# Proud owner of a Great Dane......



## evostik (Jan 15, 2008)

Hi To All At The Dog Forum......

I am new to the forum.....

I have recently become the proud owner of a Great Dane.The problem I am currently having is house training the Dane !

When I take him out he will pooh,but will not wee,as soon as we are back into the house,the Dane will dart off and wee where ever he can !

I have praised him and petted him and gave him treats when he has done his poohs outside,but he will not wee outside,and when he does it in the house(wee),I sternly tell him off,and ground him to his cage for 1 hour!

But this strategy doesn't seem to be working,so here I am asking for advice!

Any sensible advice,gleefuly accepted !!

Looking forward,never backwards............


----------



## BredaKim (Nov 10, 2007)

Awww! bless him he looks lovely in the pic....telling him off for doing it indoors wont work. praise for doing it outside (when he does) will. Locking him in a cage as punsihment will only serve to give you problems later on as he will see his cage as a form of punishment.
Stay with him outside till he wees...if YOU cant stand the wait and he wees indoors then so be it...be patient...he's only a baby!! but praise praise praise 

Oh by the way...welcome to the forum!


----------



## sullywully (Oct 21, 2009)

It sounds like he has already marked in the house and is just peeing where he smells pee.

You could try cleaning with an enzyme cleaner like 'simple solution' which you can get from pets at home. This will remove the smell and hopefully should deter him from doing it in the house.

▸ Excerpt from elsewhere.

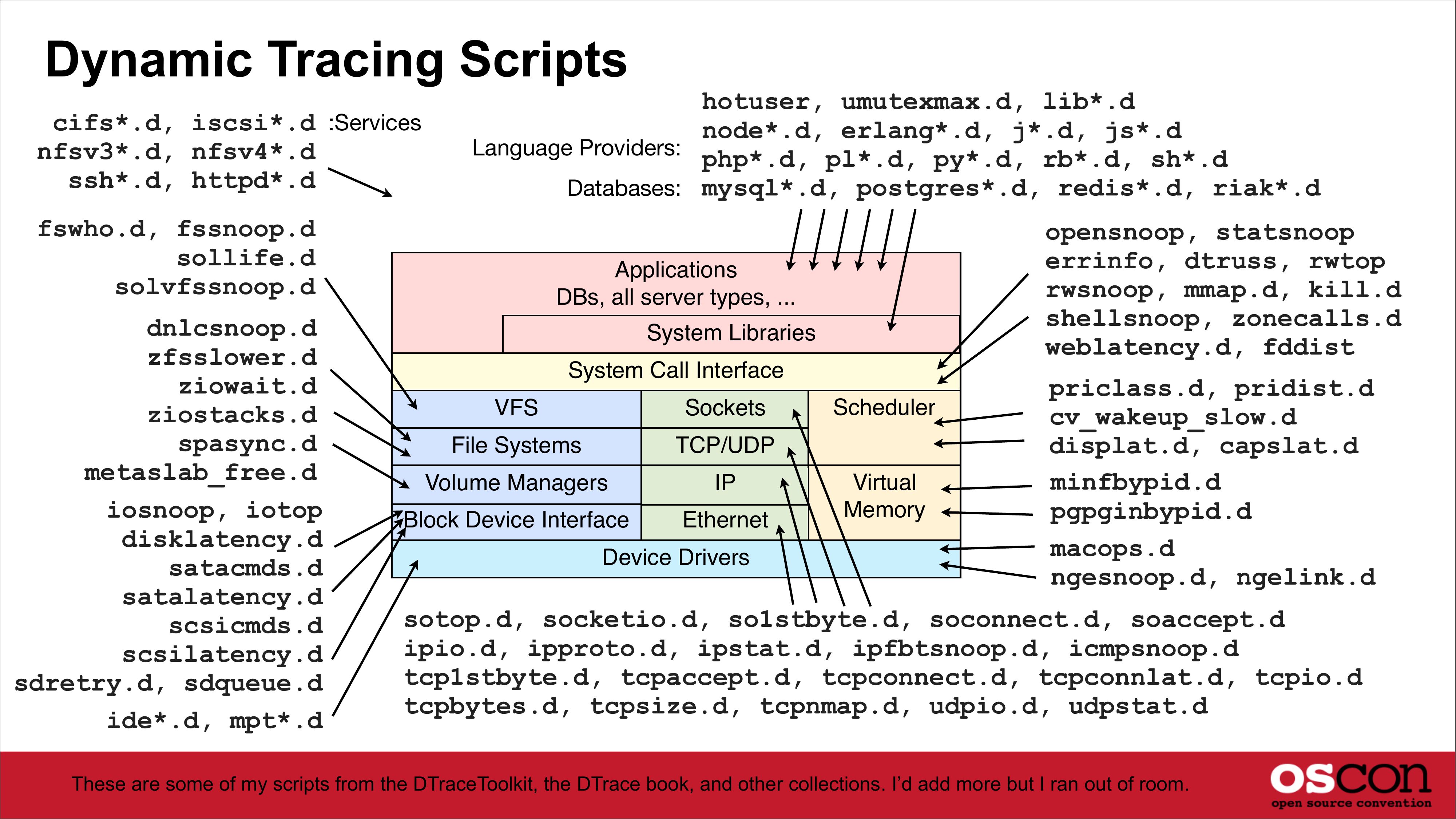 slide 25:Dynamic Tracing Scripts cifs*.d, iscsi*.d :Services nfsv3*.d, nfsv4*.d ssh*.d, httpd*.d hotuser, umutexmax.d, lib*.d node*.d, erlang*.d, j*.d, js*.d Language Providers: php*.d, pl*.d, py*.d, rb*.d, sh*.d Databases: mysql*.d, postgres*.d, redis*.d, riak*.d fswho.d, fssnoop.d sollife.d solvfssnoop.d dnlcsnoop.d zfsslower.d ziowait.d ziostacks.d spasync.d metaslab_free.d iosnoop, iotop disklatency.d satacmds.d satalatency.d scsicmds.d scsilatency.d sdretry.d, sdqueue.d ide*.d, mpt*.d opensnoop, statsnoop errinfo, dtruss, rwtop rwsnoop, mmap.d, kill.d shellsnoop, zonecalls.d weblatency.d, fddist Applications DBs, all server types, ... System Libraries System Call Interface VFS Sockets File Systems TCP/UDP Volume Managers Block Device Interface Ethernet Device Drivers Scheduler Virtual Memory priclass.d, pridist.d cv_wakeup_slow.d displat.d, capslat.d minfbypid.d pgpginbypid.d macops.d ngesnoop.d, ngelink.d sotop.d, socketio.d, so1stbyte.d, soconnect.d, soaccept.d ipio.d, ipproto.d, ipstat.d, ipfbtsnoop.d, icmpsnoop.d tcp1stbyte.d, tcpaccept.d, tcpconnect.d, tcpconnlat.d, tcpio.d tcpbytes.d, tcpsize.d, tcpnmap.d, udpio.d, udpstat.d These are some of my scripts from the DTraceToolkit, the DTrace book, and other collections. I’d add more but I ran out of room.slide 26:

this might sound silly but get your husband to pee in the garden, in the same spot a few times with the dogs watching, he might get the idea:thumbup1:

Sully


----------



## RobD-BCactive (Jul 1, 2010)

If it's an adult dog take a look at this recent thread, it discussed a case of indoor marking rather similar - http://www.petforums.co.uk/dog-training-behaviour/163915-adopted-dog-peeing-house-after-walks.html


----------



## tripod (Feb 14, 2010)

Ok stop scolding your puppy for having accidents - no wonder he is running off to pee away from you 

Toilet training is about management and supervision. As a previous poster suggests cleaning up accidents and how you do it is crucial.

If we don't step in early enough puppies will toilet train themselves. So you are now in re-training!

More on housetraining: Potty Pees & Qs | Pet Central&#039;s Pawsitive Dawgs Blog!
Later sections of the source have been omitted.